* Problem statement:
Below is a listing with pictures. Repeat exactly the lines starting at the one holding "We are highlighting" and going on through the one holding "Figure 5: Drill entrance hole", and leave every picture out.
☆ ☆ ☆ ☆ ☆ ☆ ☆
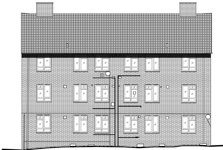
Elevation 3 (East)
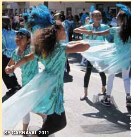
SF CARNAVAL 2011

Persephone Cubana will culminate in two weekends of spectacular performances for the community.
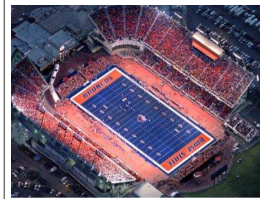
Boise State Stadium

HURRY UP & REGISTER for the IAHU Awards Banquet & Symposium at www.iahu.org
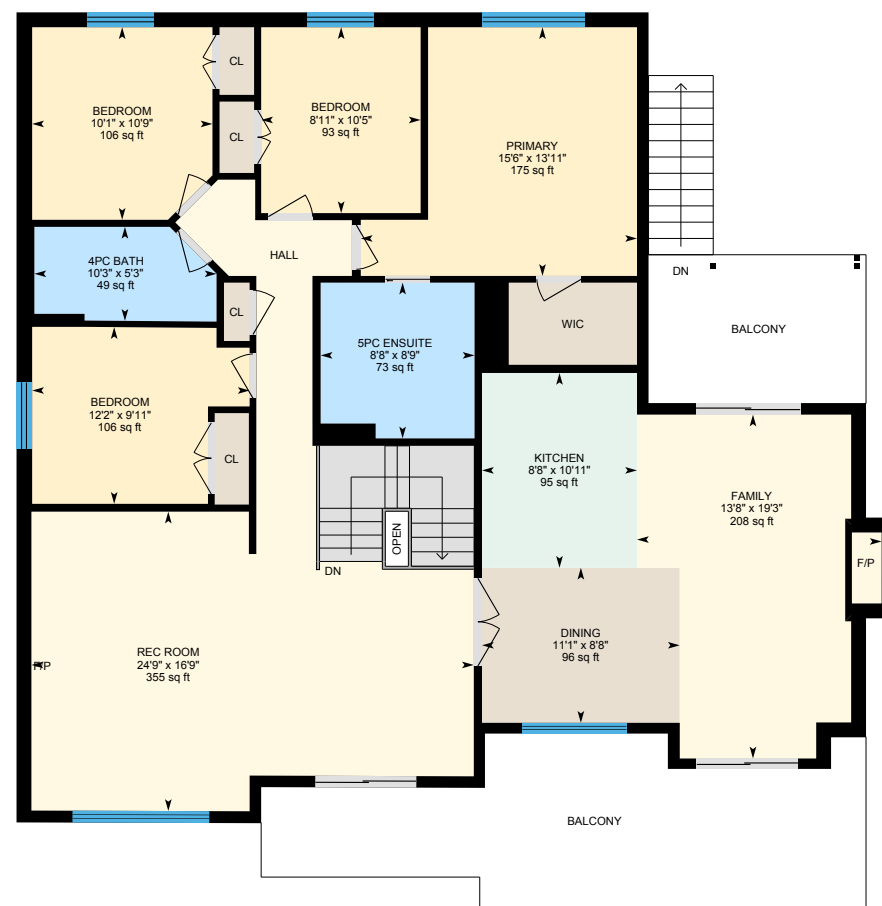
1st Floor Exterior Area 1800.37 sq ft
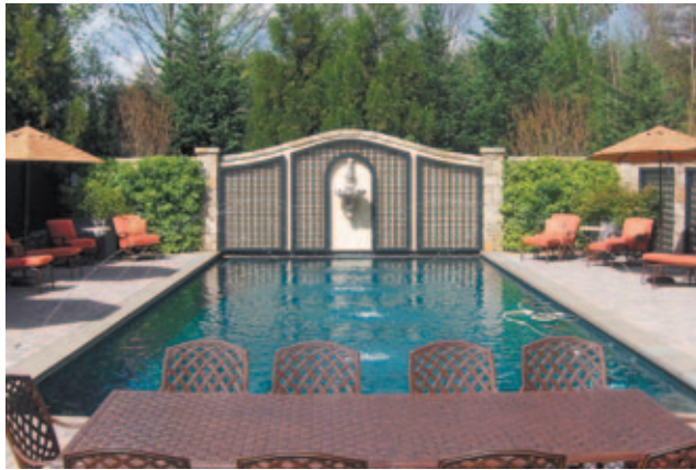
Water is a recurring theme, with a pool providing a setting for another of the many rooms of the garden.
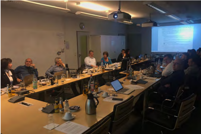
FIGURE 2| eHAction WP 6 Workshop, Berlin
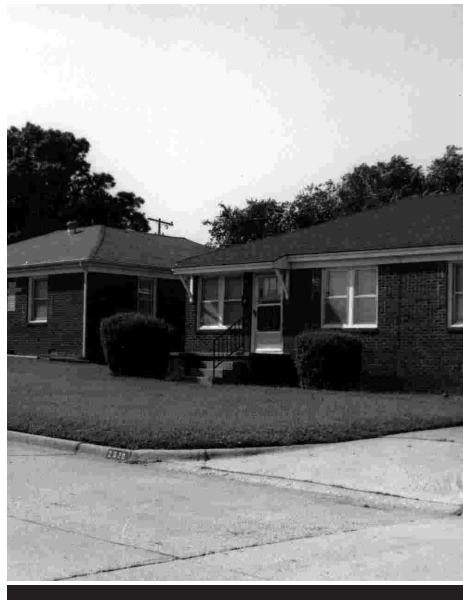
Edwards Heights Historical District
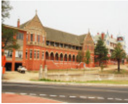
ST AIDAN'S ORPHANAGE SOHE 2008
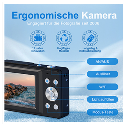
Image 2.2: Detailed view of the camera's side controls, including the ON/OFF button, Shutter, W/T (Zoom), Fill Light, and Mode button.
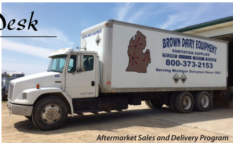
Aftermarket Sales and Delivery Program

We are highlighting our Aftermarket Sales and Delivery Team and Milk Quality Specialists. The route delivery team will deliver aftermarket products to your farm on a regular scheduled basis. We will check all your supplies so your dairy farm will not run out until the next scheduled delivery. Let us help to ensure your dairy operation has quality milk production and we can help with herd health management. Meet the team on page 2.
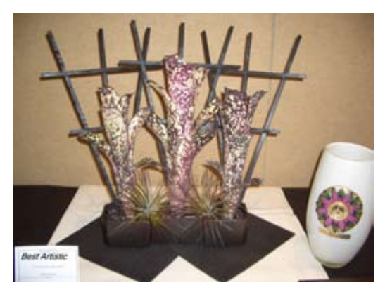
"The Geometry of Bromeliads"—Best Artistic Entry. Note the "Prize" vase; we have to come up with a lot of such awards.
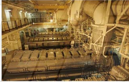
GAS TURBINE / DIESEL EXHAUST
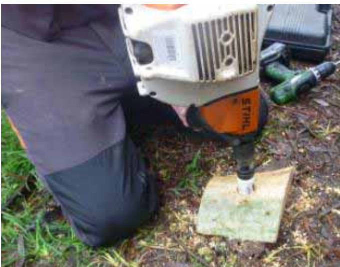
Figure 5: Drill entrance hole

Choose the desired entrance hole and carefully drill through the faceplate. Pre drill two holes to attach the faceplate back on to the tree with screws. See Figure 5 and Figure 6
☆ ☆ ☆ ☆ ☆ ☆ ☆
* Answer section:
We are highlighting our Aftermarket Sales and Delivery Team and Milk Quality Specialists. The route delivery team will deliver aftermarket products to your farm on a regular scheduled basis. We will check all your supplies so your dairy farm will not run out until the next scheduled delivery. Let us help to ensure your dairy operation has quality milk production and we can help with herd health management. Meet the team on page 2.
"The Geometry of Bromeliads"—Best Artistic Entry. Note the "Prize" vase; we have to come up with a lot of such awards.
GAS TURBINE / DIESEL EXHAUST
Figure 5: Drill entrance hole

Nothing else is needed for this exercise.